Editoriale di Francesco Marino
Si chiama Cloud, alcuni (non si sa bene per quale motivo) la chiamano “la cloud” attribuendo alla parola inglese il femminile della traduzione italiana. Ma a parte i virtuosismi linguistici tricolori rimane da chiedersi perché questa tecnologia si chiami Cloud, ovvero nuvola.
All’origine, ovviamente c’è un nerd. Quando si disegnavano le reti l’obiettivo degli ingegneri era quello di tracciare uno schema preciso di quali dispositivi fossero collegati nelle rete e in che modo. Solo che a volte il network aziendale si connetteva a reti di altri o ad Internet e il povero ingegnere non sapeva come fossero strutturate quelle reti, allora (nel dubbio) disegnava una nuvoletta che significava sostanzialmente: “qui c’è una rete ma non ho idea di come sia fatta”. Che la tecnologia più ammirata di questi anni prenda il proprio nome e il proprio simbolo dalla sua indeterminatezza, può non essere rassicurante.

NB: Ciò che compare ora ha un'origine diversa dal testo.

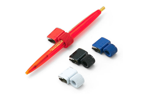以方便夾為機構,再加上伸縮性的金屬環,將筆附在本子上隨身攜帶。或是用方便筆夾夾住散紙,依據習慣可以有不同使用方式。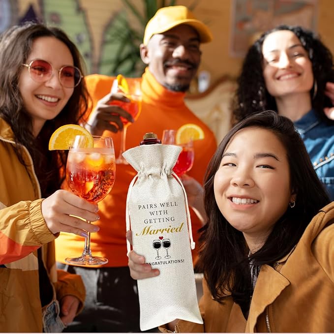 Engagements Gift Burlap Wine Bags Gift for Woman Friend Bestie BFF Couples Bride Groom, Reusable Wine Gift Bags with Drawstrings for Wedding Party Decoration Thanksgiving Christmas Home Storage - 09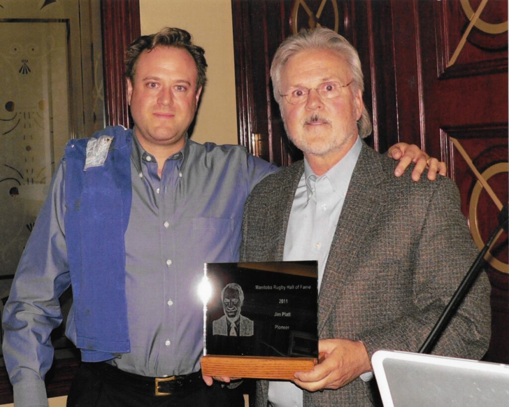 Despite his tremendous success as an amateur hockey coach, Jim remained most proud of his accomplishments on the rugby field. He was especially looking forward to his impending induction into the Manitoba Rugby Hall of Fame (Pioneer) on the evening of October 15, 2011. Sadly, he passed away suddenly only weeks before his induction, on September 6, 2011, at his Markham, Ontario home. Jim’s son, James Jr., accepted the Hall of Fame award on his father’s behalf (Fig. 13). Jim would have been so proud to see that the Assassins RFC has become such a formidable force in Manitoba Rugby.

Il cloud funziona e non si sa perché, o almeno non si sa esattamente come (questo vuol dire il suo simbolo); ma non è un male. Non sempre è utile avere una conoscenza dettagliata degli strumenti che ci permettono di realizzare i nostri obiettivi, non serve se dobbiamo usarli e non ripararli, modificarli o integrarli. Come semplici utenti meno ne sappiamo e meglio è, a patto che tutto funzioni e che il contratto con i suoi livelli di servizio venga rispettato.
Se invece quella nuvola la vogliamo creare noi o la vogliamo realizzare per altri le cose cambiano.
Si scopre che la leggerezza del Cloud (per gli utilizzatori) è possibile grazie al metallo pesante dei server e delle connessioni che le danno vita. Potete ammirare uno dei datacenter di Google in questo numero (giusto per averne un’idea) che non è neanche tra i più grandi al mondo.
Indubbiamente il cloud libera le idee perché d auna parte consente a chi lo utilizza di concentrarsi sulla propria attività principale e a chi lo propone consente di inventare nuovi servizi, praticamente senza limiti.